В этой связи, я бы хотел обратить внимание еще и вот на какой любопытный факт: независимо от Дикке в 1957 наш советский, а теперь уже российский ученый Григорий Моисеевич Идлис, живя в Казахстане, опубликовал в местном академическом журнале статью с аналогичными идеями. И поэтому, если мы откроем такую известную книгу, как «Атропный космологический принцип», опубликованную Типлером и Барроу в 1986 году, то Идлис там упоминается в качестве одного из родоначальников этой идеи.
Это означает, что идея, в каком-то смысле, витала уже в воздухе. И люди живя и работая в совершенно разных местах – ведь Советский Союз был все-таки отрезан информационно – приходили к схожим выводам. Но уже в 73 году, то есть приблизительно через 14-15 лет после того, как Дикке эту идею высказал, Брендон Картер предложил уже в явной форме две формулировки принципа на Краковском конгрессе, которые стали классическим определением слабого и сильного антропного принципа.
Но Картер ведь тоже не на пустом месте предлагал эти принципы. В докладе он говорит следующим образом: до науки 20 века в физике и в космологии господствовал принцип Коперника. В соответствии с этим принципом наблюдатель не занимает никакого привилегированного места. Почему? Потому что Копернику этот принцип был жизненно необходим, ибо если бы он не опирался на этот принцип, было бы чрезвычайно трудно убедить своих оппонентов в том, что верна гелиоцентрическая модель. Он не мог апеллировать к чувственно воспринимаемым результатам. Почему? Потому что на протяжении, практически, 2-х с небольшим тысяч лет, человечество, уже зная модель Аристарха Самосского о том, что Солнце находится в центре мира, тем не менее, эту модель не принимала. Почему? Потому что она никак не согласовывалась с чувственными наблюдениями. То есть нужно было отказаться от привилегированности земного наблюдателя.
И вот поэтому Коперник утверждает этот принцип в своей работе «Об обращениях небесных сфер» и в некоторых других – в «Малом комментарии» и так далее. Поэтому Брендон Картер говорит (это четко у него зафиксировано в слабом принципе), что все-таки в каком-то смысле наблюдатель занимает привилегированное положение. В каком смысле? В том смысле, что его существование совпадает с существованием вселенной, и таким образом здесь нет того, на что указывал Владимир Васильевич, нет жесткого долженствования. Есть такое совпадение.
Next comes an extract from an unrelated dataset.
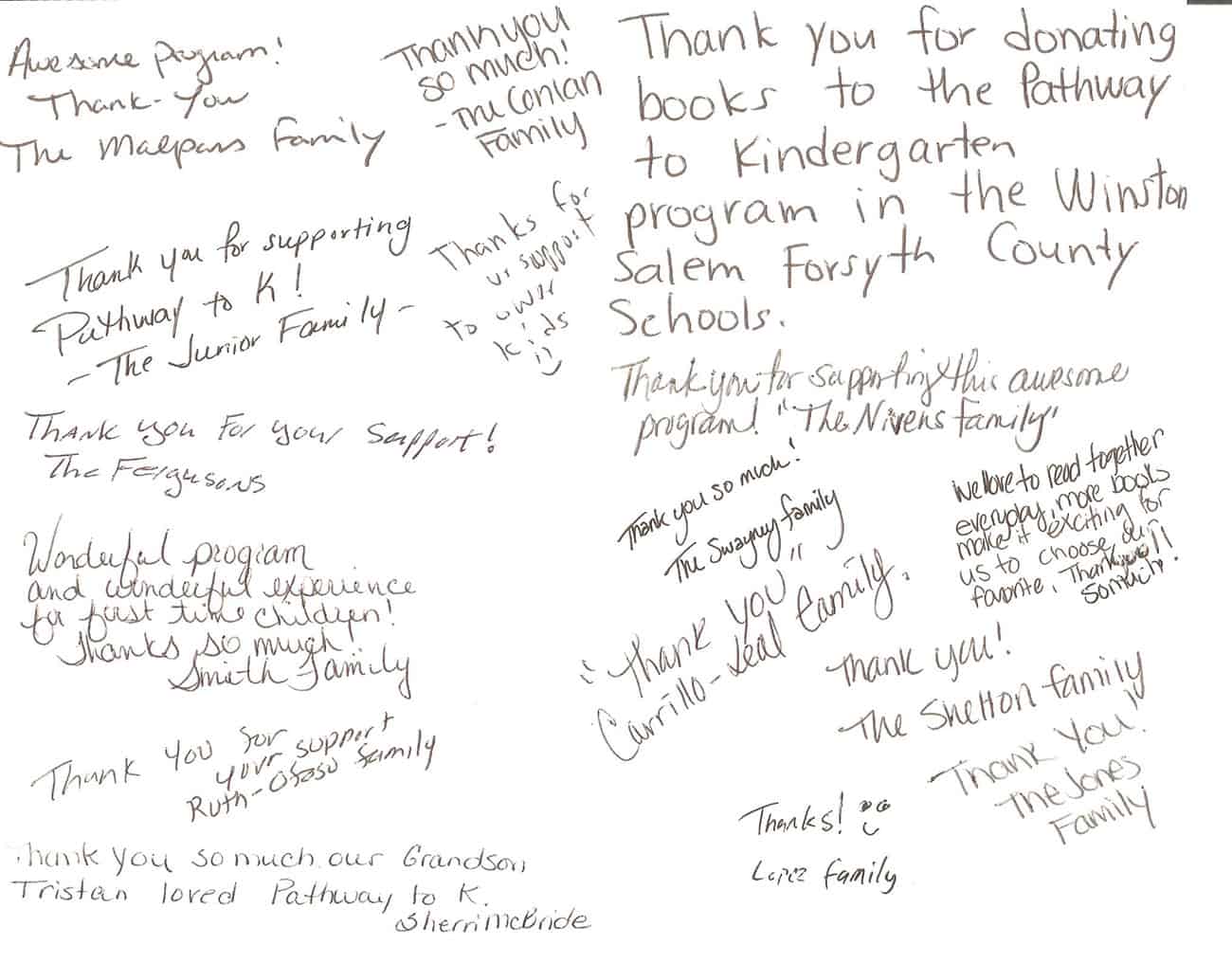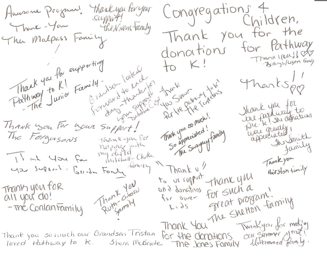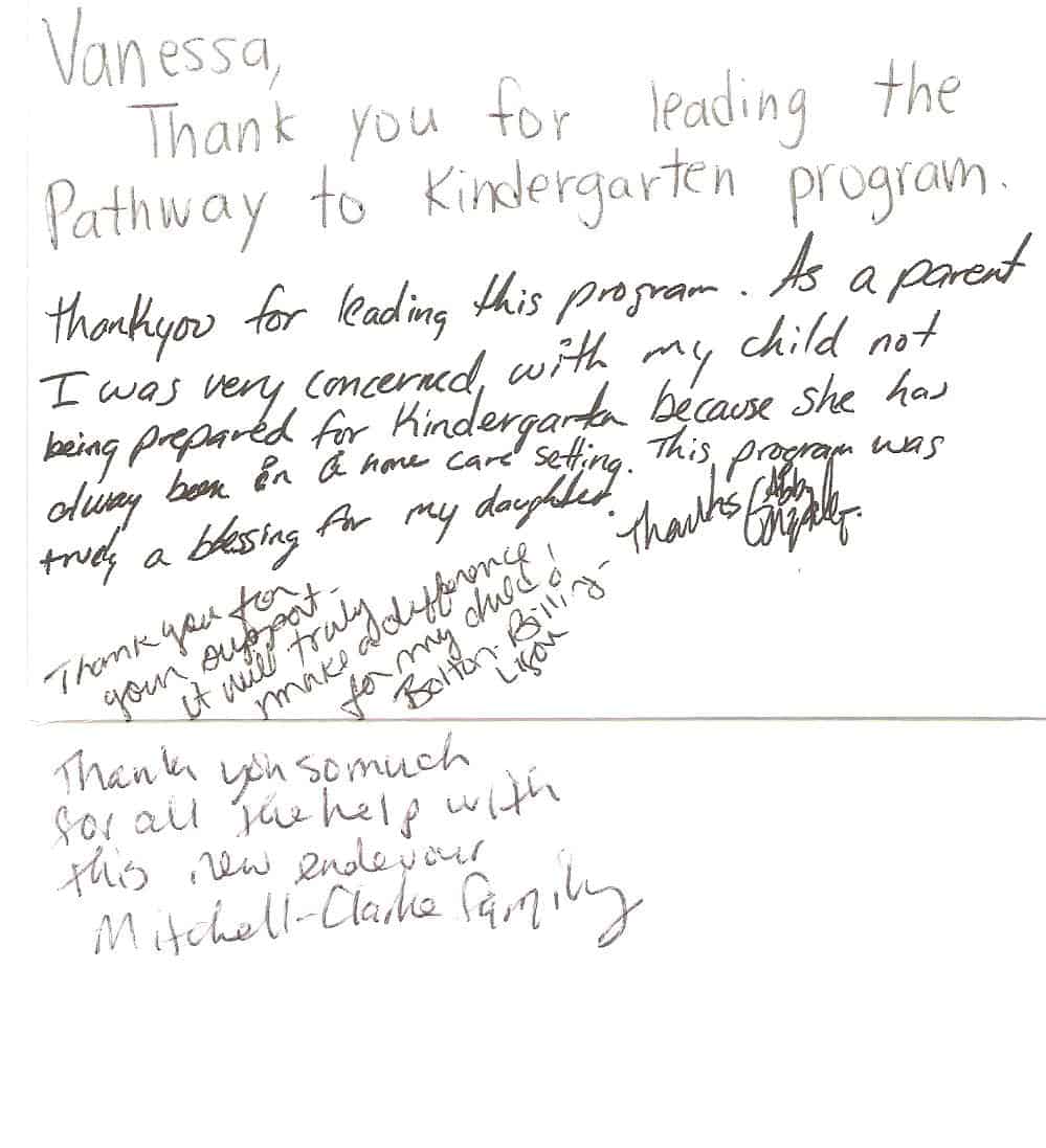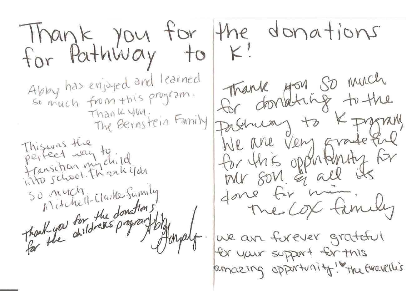 Staff at one of the 10 schools participating in the Pathway to K program asked parents to write a note to Osborne and her team. Below are some of those notes from the families whose children were helped.

А сильный принцип действительно говорит о том, что вселенная должна на некотором этапе эволюции допускать существование наблюдателя. Если первый принцип просто констатирует некоторые совпадения качеств наблюдателя и окружающего мира, что, в общем, само по себе является тривиальным, то сильный принцип уже как бы выходит за рамки науки, и в строгом смысле очень многие ученые – физики и космологи – конечно, к нему относились осторожно.
В.К. Крайне отрицательно! Считали его ненаучным.
А.П. Но не все. Все-таки были такие крупные физики, как Стивен Хокинг, которые пытались его каким-то образом все-таки применить. Но в чем была прелесть слабого принципа? В том, что качества вселенной совместимы с существованием наблюдателя. Это сразу развязывало руки физикам и космологам в отбраковке нереалистических моделей. Почему? Раз ваша теория или модель (теория – это уже сформировавшаяся модель, получившая подтверждение) не допускает появления на таком-то этапе, скажем, во вселенной в возрасте около 14-15 миллиардов лет существования наблюдателя, подобного земному, значит, она нереалистична. И это вполне естественно. То есть принцип, безусловно, имел какое-то выбраковочное значение.
Но я бы хотел все-таки здесь обратить внимание на некоторые нетривиальные моменты, связанные с этим принципом, с моей точки зрения, на моменты, которые имеют сугубо философскую природу, а не физическую. Как уже сказал Владимир Васильевич, мы физику оставляем физикам. Заключаются они вот в чем, с моей точки зрения.